## [Assigned task]
Type the data below again exactly. Omit all pictures.

## [Data excerpt]
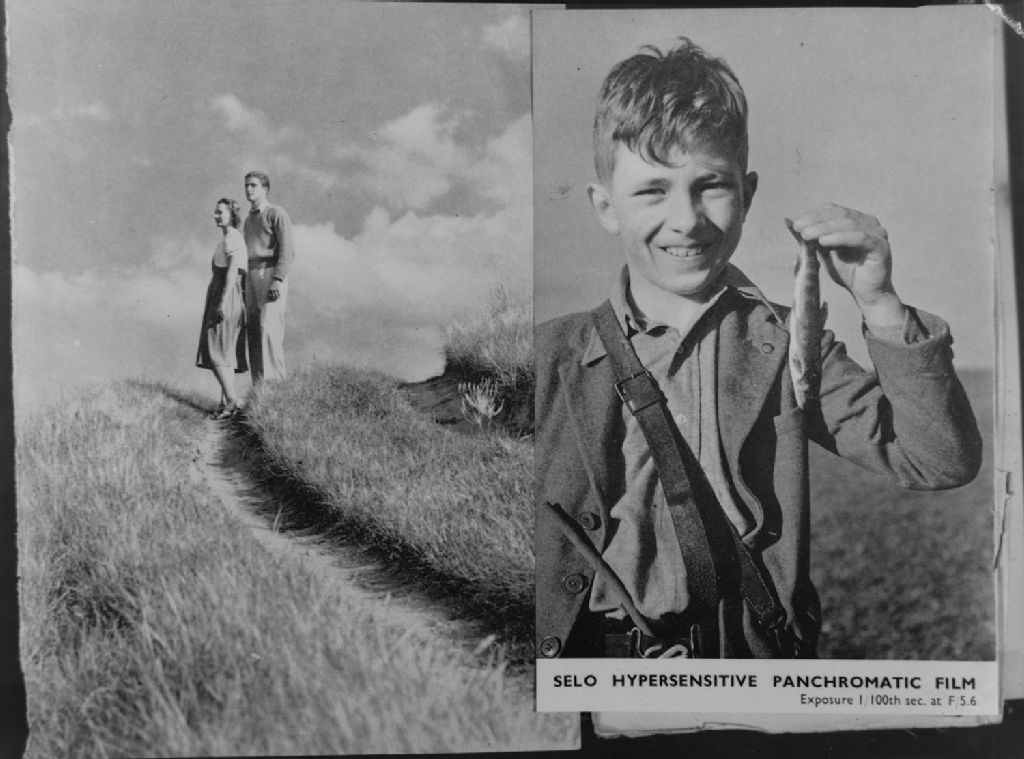 Nous voyons la copie de deux photographies de scènes champêtres. L'une représente un couple marchant dans un sentier, l'autre un jeune pêcheur fier de sa prise
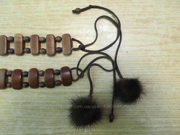 Женский пояс с деревянными вставками и меховыми кисточками. МАТЕРИАЛ:натуральное дерево,мех. ДЛИНА : 80 см ШИРИНА : 3 см ТОЛЩИНА :0,9 см ЦВЕТ : коричневый Обмен,возврат:не предусмотрен! Смотрите все мои объявления! Доставка:Новой почтой,Укрпочтой за счет покупателя Оплата: 100% на карт-счет Приват
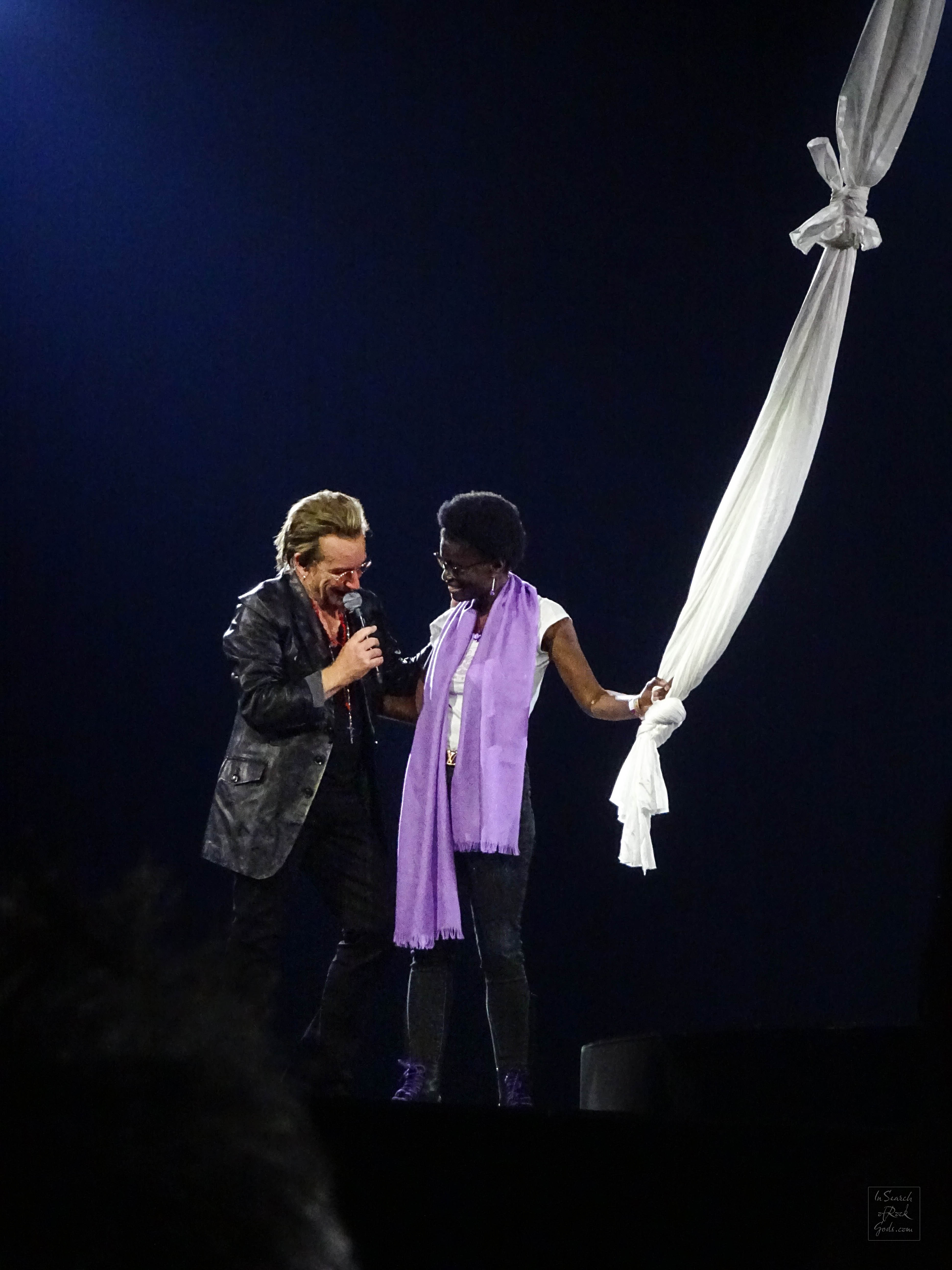 U2, my boys, walk up onto the stage to uproarious applause and screams. Our boys are here.

## [Exercise answer]
 Nous voyons la copie de deux photographies de scènes champêtres. L'une représente un couple marchant dans un sentier, l'autre un jeune pêcheur fier de sa prise
 Женский пояс с деревянными вставками и меховыми кисточками. МАТЕРИАЛ:натуральное дерево,мех. ДЛИНА : 80 см ШИРИНА : 3 см ТОЛЩИНА :0,9 см ЦВЕТ : коричневый Обмен,возврат:не предусмотрен! Смотрите все мои объявления! Доставка:Новой почтой,Укрпочтой за счет покупателя Оплата: 100% на карт-счет Приват
 U2, my boys, walk up onto the stage to uproarious applause and screams. Our boys are here.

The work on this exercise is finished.